Date of Award
Doctor of Education (EdD)
The quality of 9-1-1 services can mean the difference between life and death. In 2015, national 9-1-1 organizations created a minimum standard for Public Safety Answering Point (PSAP) comprehensive quality improvement programs, yet there is no mandate for PSAPs to adopt such standards. This study focuses on quality improvement perceptions among New York State (NYS) wireless PSAP leaders from an evidence-based management theory framework. The study addresses the primary research question: How do NYS wireless PSAP leaders support effective implementation of quality care? Using directed content analysis out-transcripts from focus group sessions with NYS wireless PSAP leaders, the following themes emerged: PSAP leaders support effective implementation of quality care by achieving buy-in from stakeholders, building trust as leaders, and using local data to support their decision-making processes.
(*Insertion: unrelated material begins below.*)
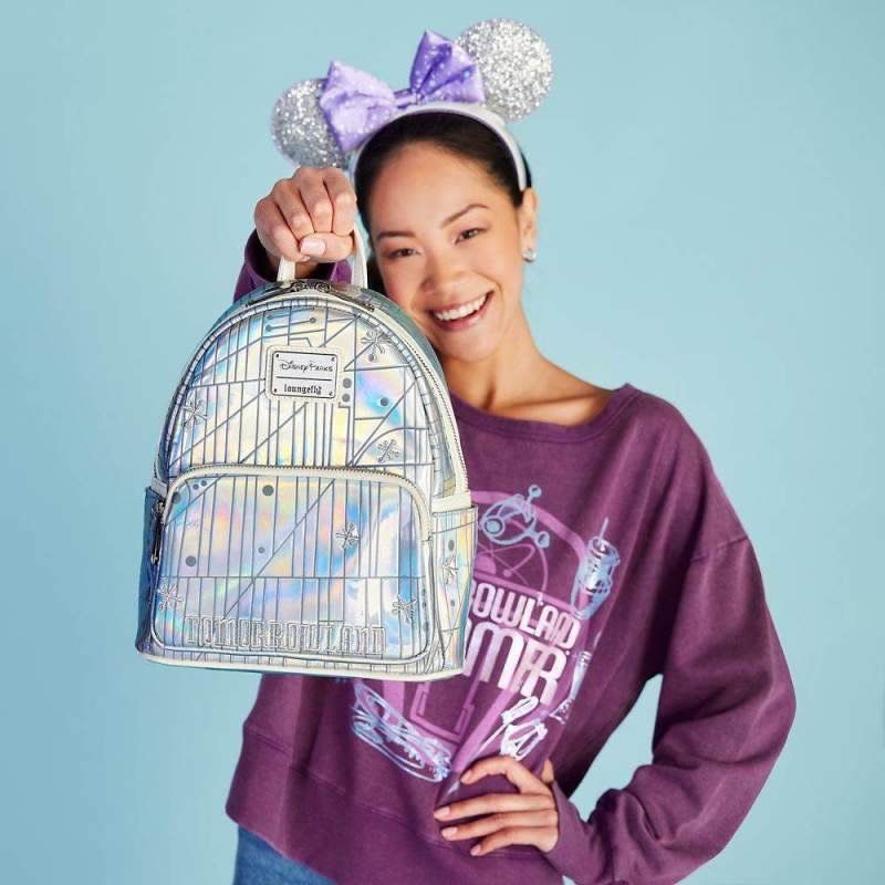 We love it when Loungefly celebrates Disney Parks on their bags and accessories, and we especially love their latest Disneyland themed design. The new bag is inspired by the Tomorrowland wall right down to its spectrum of colors that change as light hits it.

While participants consistently agreed on general definitions of PSAP quality using a six dimensional model, measuring quality was inconsistent from agency to agency. Time, staffing, and funding were largely seen as barriers to effective implementation, while other factors such as training and accreditation were viewed positively. Stakeholder engagement and organizational culture were perceived as neutral, yet instrumental, to success.
Sharpe, Steven C., "9-1-1 Leadership: Perceptions of Evidence-Based Quality Improvement" (2018). Education Doctoral. Paper 353.